Throwback Thursday: Flammable
Continuing the theme of #TBT I started last week, this is a piece I wrote as I set out to begin a slow and arduous comeback to endurance sports after nearly six months away and a near-fatal illness. The whole thing started during the summer of 2012 when I was training for a 100-mile ultramarathon and was poisoned by a tick (think Lyme disease, but worse). In fact, all of these Throwback Thursday pieces are from that period of time, hence a recurring theme of struggle and coming back to life. The story had a happy ending though: within a year, I was back to my normal health; back to running; and back to cycling. And, not by coincidence, it was during those endless weeks of recovery that I began to revisit writing and photography.
January 23, 2013
For a while, it was like trying to stand in a room with five foot ceilings. Week after week, I was reflexively trying to get myself back to running; back to how things were before; back to that familiar place of tapping out metronomic mile after mile. But I couldn’t. I could stand upright, but no matter how I tried, I couldn’t fully extend my legs.
I decided to let it go. I put my running shoes away with the rest of my running clothes, taking them from their normal home on the mat just inside the mudroom. The space made empty by their removal, just filled with another pair of random dress shoes. The kind of shoes incapable of anything magnificent. Along with my shoes, I also put away my memories of running fifty milers and my aspirations of running the big hundred.
I turned my attention, instead, to the bike and to the weights as a means to build back my endurance. I started slow, but made steady progress, laying brick upon brick as I methodically began to build my new foundation. Along the way, I relived some of those smitten summer days of riding through the hills, gritting my teeth up one side of the climb only to bury the needle on the descent, even as the snow began to fly.
Things were good, but you can’t fool the subconscious. Amidst the waves of the deepest, swirling sleep, I dreamt of running on three separate evenings recently. In one scenario, I found myself in the middle of a race, disappointed by the realization that I was unable to run any further as I watched the pack pull away from me. I was left standing on the shoulder of the road, just down the street from the house I grew up in. In another, I was cresting a local climb I’ve done countless times before, seeing the sun rise to my left, and feeling no pain, fatigue, or even breathlessness. By the third dream, I wasn’t surprised by the vision of running effortlessly along some twisting country road I’ve yet to see in my waking life, though the scene was without any sound. Not even my own breathing.

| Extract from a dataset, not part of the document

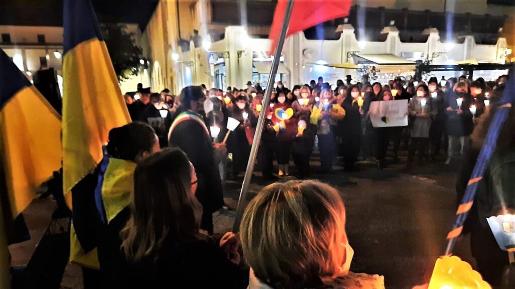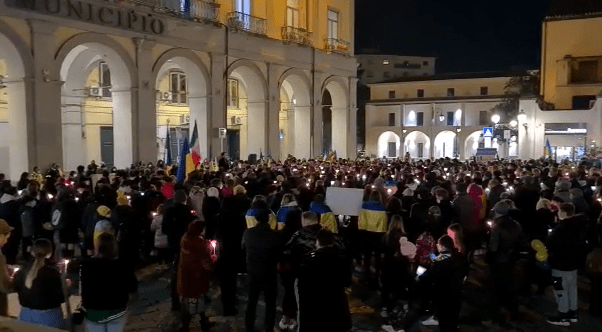 Ci sono stati attimi e momenti di commozione in piazza, con le mamme ucraine e i loro bambini che con le loro fiaccole hanno illuminato questi giorni bui per l’Ucraina, per l’Europa e per il mondo intero. I piccoli sono scesi in piazza reggendo diversi cartelli nei quali chiedevano esplicitamente il ritiro delle truppe dal loro Paese e la fine di ogni ostilità militare nei confronti di un popolo diviso tra coloro che sono rimasti, combattendo contro la fame e l’invasione, e coloro che sono scappati via, nel tentativo di mettere in salvo le loro fragili vite. Durante le celebrazioni e la marcia, alcuni cittadini ucraini hanno intonato diversi canti della loro tradizione popolare per accorciare le distanze tra Aversa e Kiev e lanciare parole di conforto e di vicinanza a chi, in queste ore, è costretto a nascondersi nei sotterranei, negli scantinati, nei bunker e nelle stazioni della metropolitana per sfuggire agli incessanti bombardamenti di queste ore. L’iniziativa si è svolta grazie al grande lavoro organizzativo dei volontari della Protezione civile di Aversa.

The morning after, I awoke with a feeling of newness. Revitalization. There was no question in my mind that it was time to start trying again. So I left the house with no predetermined route and no plan of action… Just the sense that it was the right thing to be doing, despite the months I spent away from the sport.
It came back to me right away. In short time, I was running smoothly and with my old familiar gait. Almost like I hadn’t taken a break from it at all. I thought about turning right and heading home to make it a three-mile loop, but instead, I turned left to make it five. At the third mile, I made the left-hand turn and started a gentle climb, surprising myself by the quick cadence of my turnover. The road swept to the left before quickly turning right again and climbing steeper. I leaned forward and into the rise, feeling the pavement push back on me, but each footfall was strong and sure. I wasn’t paying attention to my heart rate, but I could feel that there was plenty of headroom, so I pushed harder. I stood up straight, in that awkward five-foot room, and burst through the ceiling with both legs fully extended.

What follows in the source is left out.